Frequently Asked Questions About Unions
by Fred Glass, California Federation of Teachers
Why do workers need labor unions?
To deal with the power of business owners, workers united in an organization can negotiate collectively and take other collective action to achieve their goals. As Frederick Douglass, the great abolitionist and woman’s rights advocate one put it, “If there is no struggle, there is no progress. Power concedes [gives] nothing without a demand. It never did and it never will.”
Do union workers really earn more with a union contract than without one?
Yes, union workers earn approximately 25% more than their non-union counterparts in the same jobs, with the biggest increases for workers in the lowest paid occupations. In addition to wages, unions include a variety of benefit plans in the contracts they negotiate with employers, depending on their bargaining power. For example, these could range from medical benefits that are fully paid for by the employer to union-run benefit plans that employees contribute to on a monthly basis.
What is a union contract?
When a union bargains a contract with the employer, both sides sit down to negotiate a legally binding agreement that sets up the rules that govern worker-management relations at the job site.
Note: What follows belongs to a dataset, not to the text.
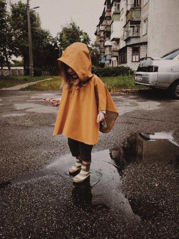 Новий дитячий літній дощовик пончо. Матеріал болонья, без підкладали. Річний ,зручний, легкий, складається в маленький зручний чохол, який легко поміщається в сумочку і не займає місця.Ручна робота. На ріст 86-92 На фото дитина зростанням 93 див.

Besides wages, other issues typically negotiated in union contracts include health care, pensions, promotion policies, vacations and holidays, work schedules, etc. A crucial part of all union contracts is the grievance procedure, which is a step-by-step conflict resolution process workers can follow if they feel management has violated the contract. In addition, union workers have the right to be represented by a shop steward, a worker elected by the other workers as their on-site union representative, in any grievance proceeding with management.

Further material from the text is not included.